Kinky Friedman stopped by the Bexar County Humane Society yesterday:

Bolstering his reputation as a different breed of candidate (ed note: ba dum bum), Kinky Friedman brought his unorthodox campaign for governor to San Antonio on Wednesday, pressing paws with animals at the Humane Society of Bexar County.

"It beats kissin' babies," he said with a chuckle.

The eccentric humorist, pet lover and aspiring political candidate has injected a note of levity into the 2006 governor's race with his unconventional strategy that includes cartoons and talking action figures.

Not a bad stop, I mean, what kinds of person hates animals? Hitler? But that's the good part.

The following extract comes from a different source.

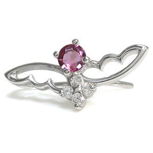 プラチナ ピンクトルマリン イヤーカフ ピアス フェザー ピアス クリスマス ポイント消化
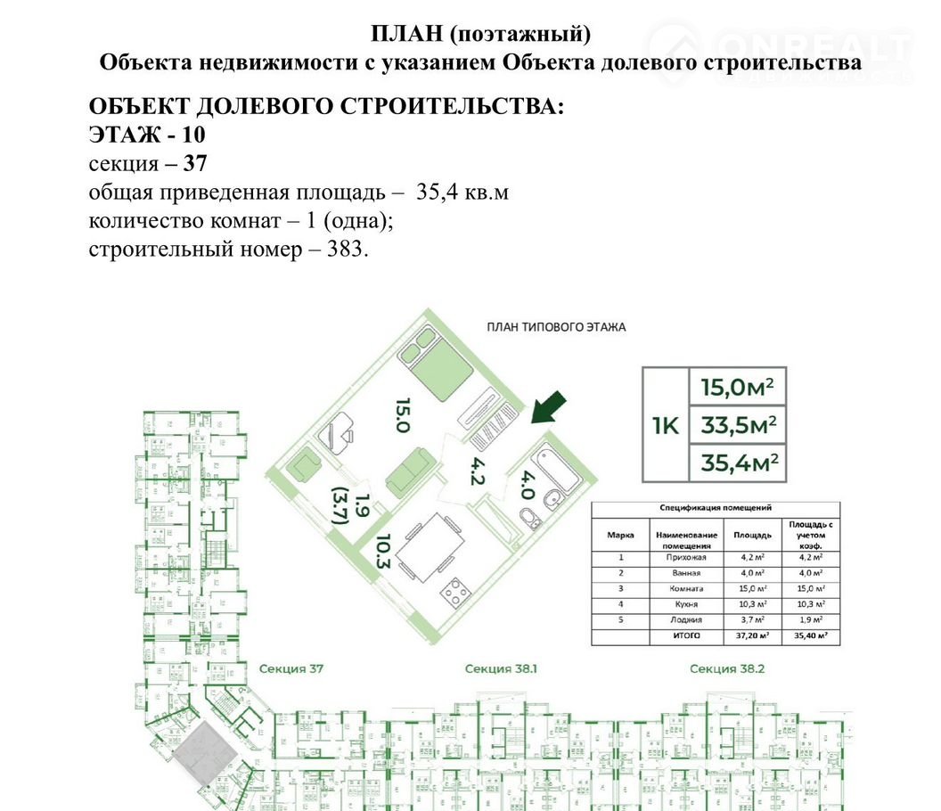 1-комнатная квартира, 37.2 м2, этаж 10 / 19, на продажу в селе Мирном

The bad part?

He said if elected he would use the Texas Enterprise Fund, designed to attract business to the state, to fund mental health programs, animal shelters and possibly even a plan to lure the New Orleans Saints to Texas.

"We could sure spread it around," he said.

He added that he would like to set up a "special forces unit" on the U.S.-Mexico border to "go after the coyotes" that bring undocumented immigrants across the Rio Grande and often abandon them.

Friedman said he doesn't believe Texas needs a state income tax and should instead pursue things like legalizing casino gambling to rev up the state's revenue stream.

Hmm. So he's for turning the Gubernatorial slush fund into some sort of one-time quasi patronage fund, a "special forces unit" for the border, and no income tax but the legalization of gambling?

And why I should be concerned about Kinky pulling from Bell again?